Si un traitement énergique n ’est pas commencé, l ’urée continue à s ’accumuler et peut entraîner:
un coma urémique, mortel.
Conséquences qui conduisent souvent à consulter et participent à la découverte de la maladie:
- HTA: chez 75% des malades ( due principalement à la rétention hydrosodée et augmentation de
sécrétions hypertensives: système rénine angio-tensine aldostérone perturbé)
- anémie: il existe une diminution des GR; celle-ci est due essentiellement à un défaut de
production d ’EPO
- troubles de la balance phosphocalcique: le phosphore est insuffisamment filtré par les
glomérules lésés, son taux sanguin augmente et à contrario, la calcémie diminue car la vit D,
nécessaire à l ’absorption du Ca par l ’intestin ne peut être activée en effet pour que cette
activation ait lieu, il faut nécessairement la présence d ’une enzyme produite par le rein. Son
absence ne permet donc pas l ’utilisation du Ca par l ’organisme.
Le coma urémique, stade ultime de l ’évolution est marqué par des signes neurologiques, une
démangeaison cutanée, un bruit de frottement à l ’auscultation du cœur (signes majeurs). Au
niveau sanguin, on note: une élévation de l ’urée et de la créatinine, une acidose, une
hyperkaliémie, une hyponatrémie.
3c- INSUFFISANCE RENALE TERMINALE
on parle d ’IRT lorsque la valeur de filtration glomérulaire, appréciée par la clairance de la
créatinine est < à 10ml/mn ( n=125ml/mn).
L ’état nutritionnel du patient, la tolérance clinique à l ’urémie chronique, la survenue des
complications sont des facteurs importants dans la prise de décision du traitement de
suppléance
4- TRAITEMENT DE L ’IRT
les méthodes de substitution à la fonction rénale défaillante ou traitement de suppléance sont: la
dialyse péritonéale qui utilise le propre péritoine du patient comme membrane de dialyse et
l ’hémodialyse utilisant des membranes synthétiques comme filtre.
Ces techniques ne pallient que l ’insuffisance des capacités d ’excrétion et de filtration des reins.
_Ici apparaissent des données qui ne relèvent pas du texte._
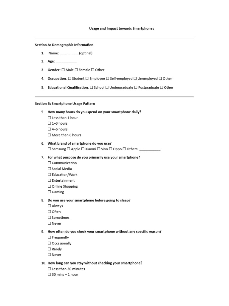 ☐ Samsung ☐ Apple ☐ Xiaomi ☐ Vivo ☐ Oppo ☐ Others: ___________
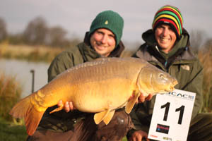 The draw came and we stood nervously as names that were not ours got read out and we were looking in a bad position for a good draw. We finally came out of the hat second to last and luckily for us our second choice swim was still available. I quickly called out peg 11 and we happily made our way over to our swim. As we were setting up we must have seen around fifteen different shows in our swim and we were full of confidence for some quick action. On the sound of the first hooter the masses set to work with marker rods and spods and we felt sure this would spook any fish in our swim so decided to bait up instead with PVA bags of maggots and a catapult. The venue is dominated by maggots and it is normally all the carp will eat so we had ensured we had enough taking ten gallons with us.
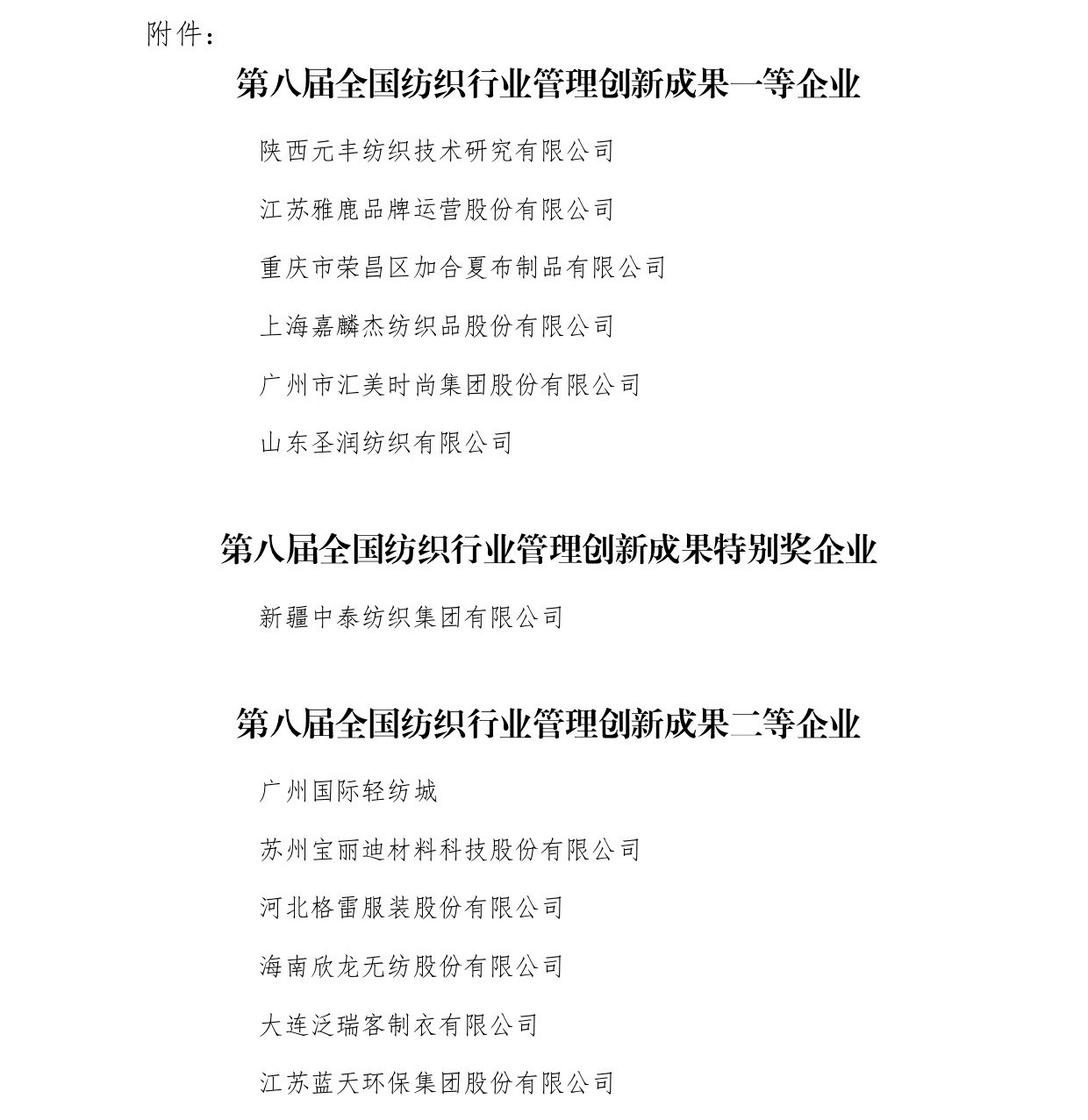 中紡聯副會長徐迎新宣讀“關於發布推廣第八屆全國紡織行業管理創新成果的決定”並頒獎。
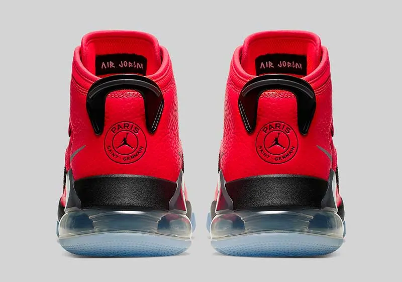 Beaucoup moins discrète, la Jordan Mars 270 s'habillera de rouge le 27 juillet. Une couleur qui devrait correspondre au nouveau maillot extérieur des footballeurs parisiens. Annoncée à 175 dollars, cette chaussure au style très 90's dispose d'une imposante bulle d'air au talon et d'une semelle translucide. Encore une fois, on retrouve un logo au talon et une étiquette “Paris” à l'intérieur du pied.
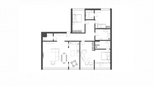Квартира укомплектована мебелью и бытовой техникой. Функциональная планировка включает кухня-гостиная с обеденной зоной, 2 спальни со своими санузлами, третью спальню, две гардеробные, лоджию и холл. Благодаря панорамному остеклению пространство наполнено естественным светом, окна ориентированы на четыре стороны.
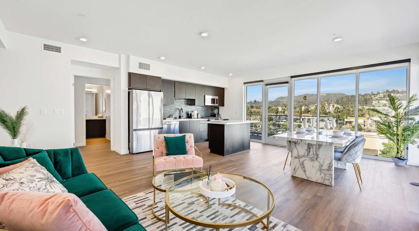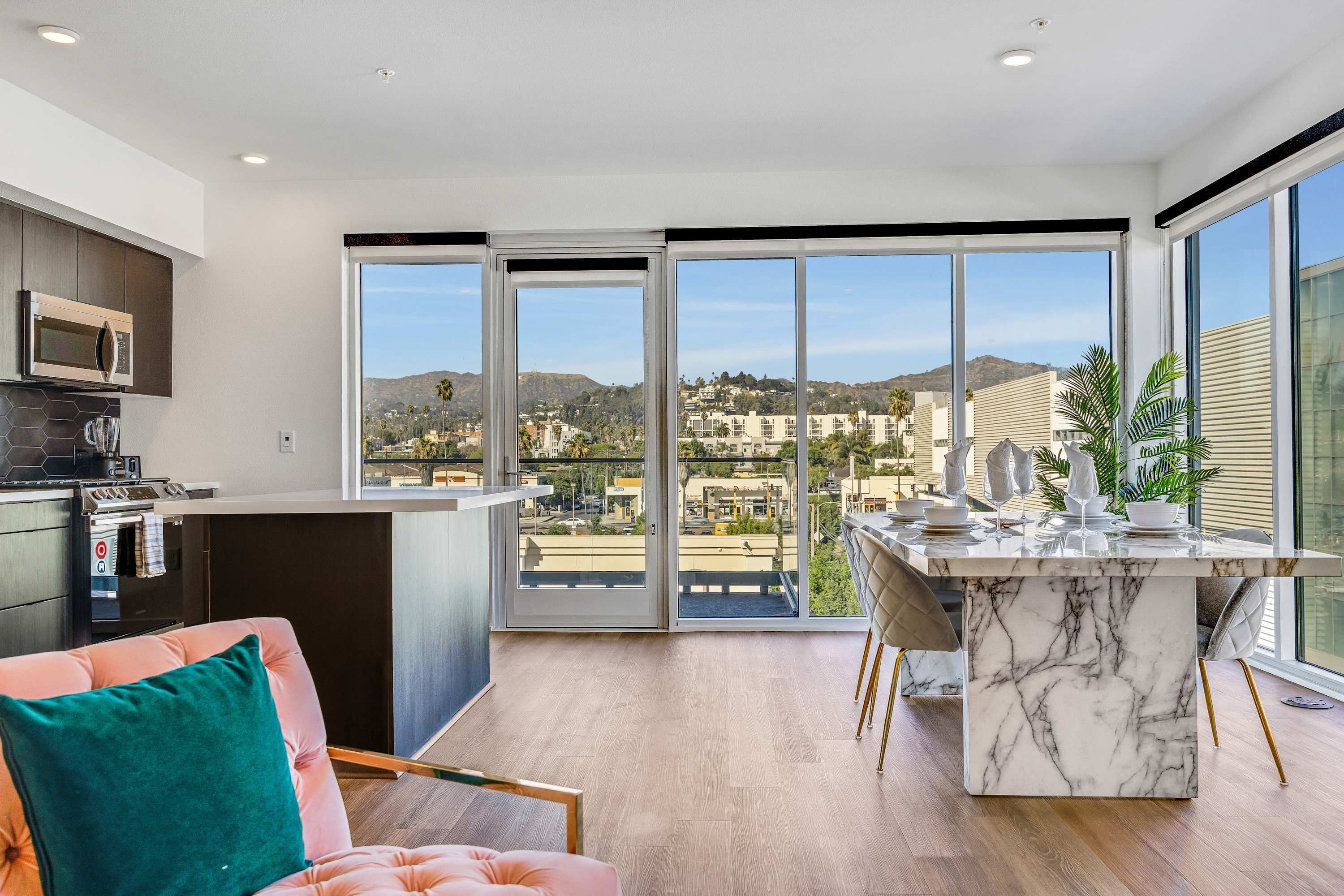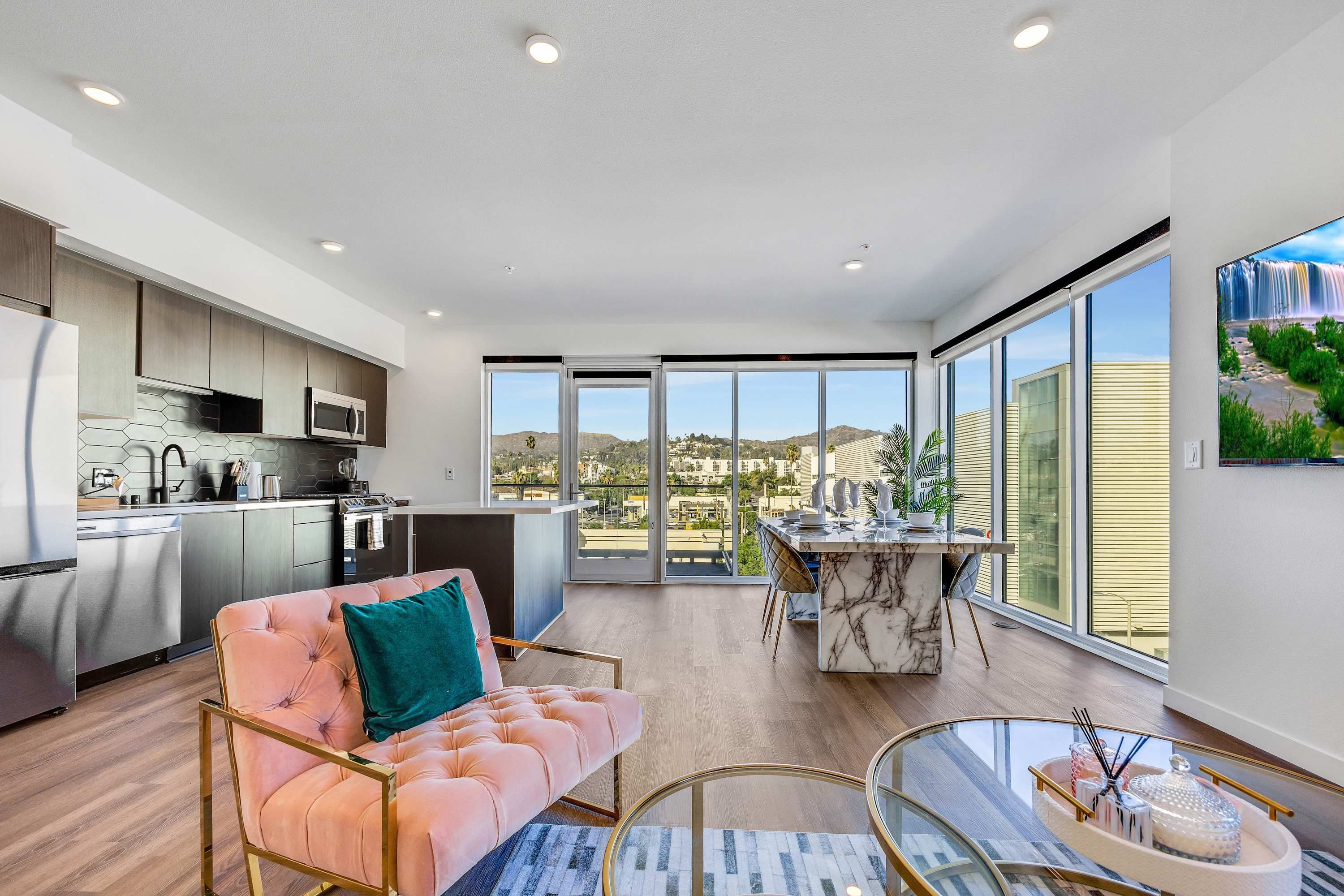 This LA apartment comes with impressive views across the Hollywood sign. It also boasts a wonderful open-plan layout for laidback movie nights or catch up work sessions. You’ll have a private balcony for sunset drinks and the building features a rooftop terrace, a pool and a gym – covering all your wellness needs. Free parking is available and well-behaved pets are welcome to join you for an additional fee. It’s also just a short drive to iconic sights across Hollywood – making this a great base for an exciting city stay.
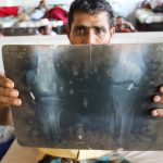 An X-ray of Tamir’s left lower leg, which was examined by PHR doctors, shows a fully intact bullet still lodged in the soft tissue of the knee. The X-ray indicates a shattered fibula, a fractured tibia, and a fully intact bullet that can be seen still lodged in the soft tissue of his knee. Due to his injuries, Tamir is unable to walk or bear any weight.

La fonction endocrine du rein n ’est pas remplacé par les dialyses.
5- HEMODIALYSE
- 2 grands principes: - la diffusion et l ’ultrafiltration ou convection
A) la diffusion: l ’HD nécessite un dialyseur muni d ’une multitude de fibres creuses (rein
artificiel); ces fibres utilisent une membrane semi perméable, perforée par de multiples trous:
les pores qui permettent à l’eau et aux molécules de faibles poids moléculaires de passer dans
les 2 sens en fonction des différences de concentration exercée de part et d’autre; par exemple,
l’urée et la créatinine en C° élevée dans le sang du patient passent sans difficulté dans le
dialysat.
Le taux de diffusion d’une molécule dépend de son poids moléculaire et des caractéristiques de la
membrane du dialyseur.
B) l’ultra filtration ou convection: permet d’éliminer l’eau en excès chez le patient grâce à la
différence de pression hydrostatique appliquée de part et d’autre de la membrane du dialyseur
(PH+ dans le compartiment sanguin et PH- dans le comportement dialysat)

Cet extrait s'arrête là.